Adult Survivors of Childhood Sexual Abuse: Revisiting the California Statute of Limitations

Mark E. Roseman">


 

Adult Survivors of Childhood Sexual Abuse: Revisiting the California Statute of Limitations

Mark E. Roseman, Esq.
of the California Bar

The California legislature has taken a welcome and significant step forward in the interest of victims of childhood sexual abuse with the recent passage of AB 1651. The bill, effective January 1, 1999, is an amendment to California Code of Civil Procedure §340.1, the delayed discovery statute of limitations for the commencement of civil actions brought by adult survivors of childhood sexual abuse. /1/

Present law provides that the statute of limitations is tolled against a sexual perpetrator until the plaintiff's twenty-sixth birthday, or until within three years, after majority, she or he discovers or reasonably should have discovered that incurred psychological injury or illness was caused by the sexual abuse [Section 340.1(a), as amended 1994].

The new law reflects a growing social awareness that sexual abuse of children is an endemic problem that often translates into emotional and spiritual devastation. Current public discourse about incest and clergy sexual abuse represents an enlightened transformation in societal attitudes toward inappropriate sexual conduct involving children. The amended law epitomizes a continuing evolution of legislative sensitivity toward providing broader potential civil remedies heretofore unavailable to survivors of childhood sexual abuse.

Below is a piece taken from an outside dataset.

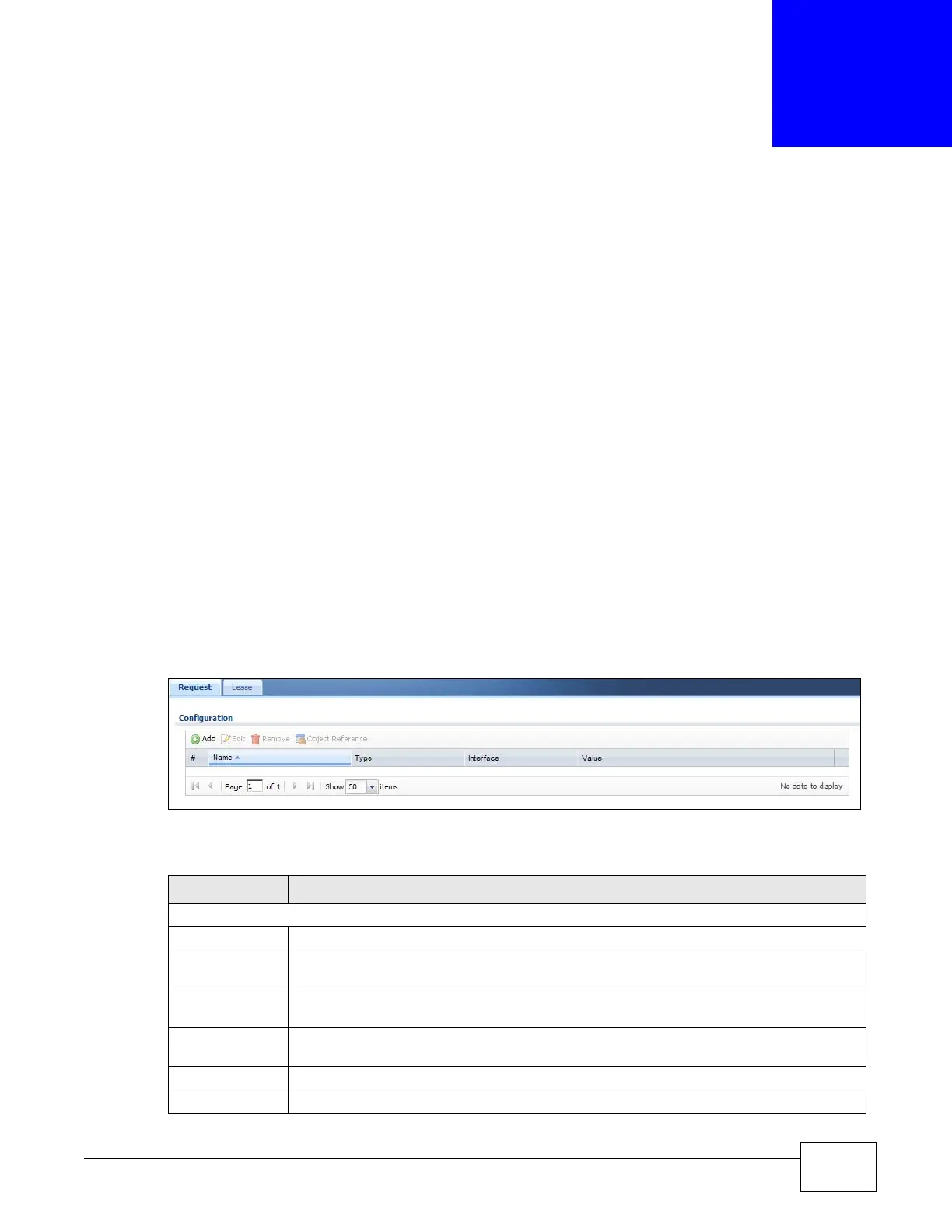 •The Request screen (see Section 27.2 on page 373) allows you to configure DHCPv6 request

Before the 1998 amendment to Section 340.1, California courts upheld the limitation of extended tolling application to the perpetrator only and not to others alleged to be negligent in the supervision or hiring of child sexual offenders. For example, in 1994, in Debbie Reynolds Studios v. Superior Court (1994) 25 Cal.App.4th 222, 30 Cal.Rptr.2d 514, the Second District decided that a twenty-six-year-old adult survivor plaintiff was barred by the one-year statute of limitations for negligence provided by Code of Civil Procedure  §340(3) in an action against the dance studio. The court reasoned that Section 340.1 did not apply the statute of limitations to employers of sexual molesters but only to perpetrators of identified criminal behavior.

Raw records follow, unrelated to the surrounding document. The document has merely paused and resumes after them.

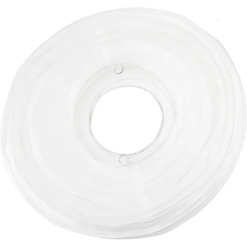 The white round lantern is made with paper and metal wiring. Thanks to its foldable construction, it unfolds like an accordion and can be assembled in just seconds.
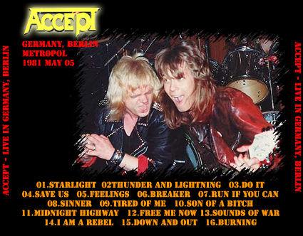 1. Midnight Highway 2. Free Me Now 3. Drum Solo / Free Me Now (reprise) 4. Sounds of War 5. I'm a Rebel 6. Down and Out 7. Burning
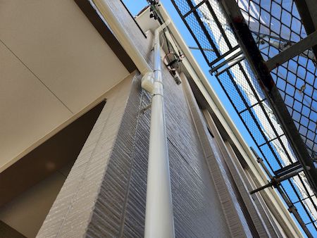 縦に設置された樋は、外壁の色調となじむ白系に仕上げています。
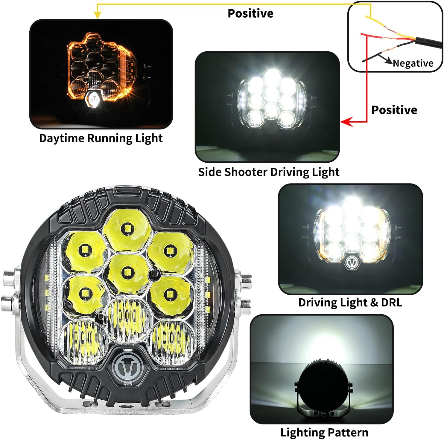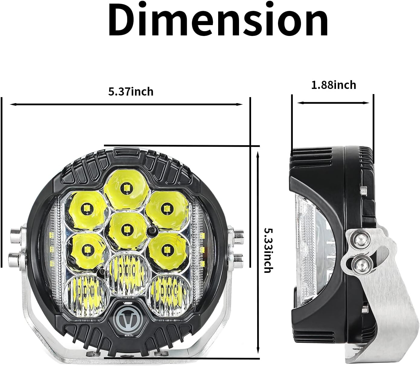 ASPECTO ÚNICO DASIGN - El último LED de bajo consumo se utiliza como DRL en el centro. Como iluminación auxiliar brillante, nuestros pods de luz de conducción complementan la distancia más lejana para su conducción, maximizando la salida de luz y expandiendo el rango visual máximo de conducción, proporcionando la luz de conducción más segura para usted.

The year after the Debbie Reynolds Studios decision, I represented the plaintiff in a Second District case entitled Chaney v. Superior Court (1995) 39 Cal.App.4th 152, 46 Cal.Rptr. 2d 73. The case involved a twenty-two-year-old woman who alleged that the wife of her perpetrator had "special and confidential information" about her husband's "deviant and sexual preferences and desires" that the wife failed "to recognize, accept and interpret." The negligent supervision theory, framed to gain delayed discovery benefits beyond the standard one-year limitation for negligence, was based on alleged grooming of the plaintiff by the husband, known by the wife, that would have put a reasonable wife on notice of a husband's propensity to engage in sexual misconduct with a minor. The court barred the negligence action against the wife, holding that Section 340.1 applied only to the perpetrator of the intentional acts of sexual abuse and not "related, ancillary causes of action."

This resultant "legislative perpetrator restriction" has fostered a legal impediment to survivors whose abuse is made possible through the negligence or intentional acts of others.

While the key element for the occurrence of childhood sexual abuse is clandestine behavior, individuals or agents of business entities having special relationships with victims have been known to ignore and not act upon objective and obvious indicia of ongoing childhood abuse. Their failure to break the secrecy allows the abuse to continue.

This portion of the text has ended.